In some embodiments, the slot may be a closed slot. In other words, the slot may be open at the first and second faces but may not open at the side wall of the residue collector. In these embodiments, the residue collector may be inserted through the open end of the heating chamber, and the top end of the heater may penetrate the slot in the residue collector. In some embodiments, as the residue collector is inserted into the heating chamber, the residue collector may be pushed over the heater and along its length, with the heater passing through the slot, until the residue collector reaches the base of the heating chamber.

In some embodiments, the slot may be an open slot. In other words, the slot may be open at the first and second faces and also open at the side wall of the residue collector. An open slot may enable a heater to be inserted into the slot through a side of the residue collector. The slot may be configured to extend from one side of the residue collector towards the centre of the residue collector. The slot may be configured to extend from a front of the residue collector to the centre of the body of the residue collector. In these embodiments, the residue collector may be inserted through a side opening in the heating chamber. In these embodiments, as the front of the residue collector is inserted into the heating chamber, a heater within the heating chamber may be received in the slot through the opening at the side wall. In these embodiments, the residue collector may be pushed over the heater and along its width, with the heater passing through the slot, until the front of the residue collector reaches the opposite side of the heating chamber.

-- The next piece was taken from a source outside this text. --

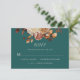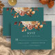 Teal Fall Blommigt Bröllop OSA Card. Den här eleganten och den orustiska bröllopet OSA har handmålade vattenfärger, bränd orange och terracotta löv, kräm och beige dahlias, och vacker perfekt av rost-färgad ro för ett fall eller höst bröllop!

The edges or sides of the slot may be configured to abut the heater when the residue collector is received in the heating chamber. Where the residue collector abuts the heater, residue, such as debris, may be prevented from passing between the heater and the residue collector through the slot. The slot may form an interference fit with the heater. An interference fit may help to retain the residue collector in position during use.

The residue collector may comprise a plurality of cut-outs on each side of the slot. The cutouts may define a plurality of projecting elements on each side of the heater. The projecting elements may project towards the heater from the residue collector. The distal ends of the projecting elements may abut the heater when the residue collector is received in the heating chamber. During removal of the reside collector from the heating chamber, the distal ends of the projecting elements may be drawn against the heater. The projecting elements may scrape or wipe the heater as they are drawn along it during removal to help to clean residue from the heater. The projecting elements may be resiliently deformable. The projecting elements may deform when the residue collector is inserted into the heating chamber and over a heater. The projecting elements may exert a force on the heater when deformed, which may help to retain the residue collector in position during use. In some embodiments, the projecting elements may facilitate removal of the residue collector from the heating chamber as the projecting elements may reduce friction between the heater and the residue collector. The projecting elements may provide additional flexibility in the residue collector around the heater, which may reduce the likelihood of deforming or damaging the residue collector and the heater during insertion and removal.

The first face of the residue collector may comprise an adhesive material. Any suitable adhesive may be used. The adhesive may cover substantially the entire first face of the residue collector. The adhesive may cover a limited section of the first face of the residue collector. The adhesive may encourage debris to stick to the residue collector, which may reduce or minimise loss of debris from the residue collector during removal of the residue collector

The first face of the residue collector may comprise a lip. The lip may project upwards from the first face. The lip may extend around the periphery of the first face. The lip may be a peripheral ridge or raised edge. The lip may extend around the full periphery of the first face. The lip may extend around only a portion of the periphery of the collecting face. The lip may have any suitable shape and size. In some embodiments, the lip may be a wide lip, extending across the first face towards the centre of the residue collector to cover a large proportion of the first face. A wide lip may cover over a third of the first face. A wide lip may cover over half of the first face. In some embodiments, the lip may be a narrow lip. A narrow lip may cover less than 10% of the first face. A narrow lip may cover less than 5% of the first face. The lip may prevent debris from falling off the side of the collecting face when the residue collector is removed. The lip may provide a larger area of contact with the side wall of the heating chamber than the edge of a residue collector with no lip.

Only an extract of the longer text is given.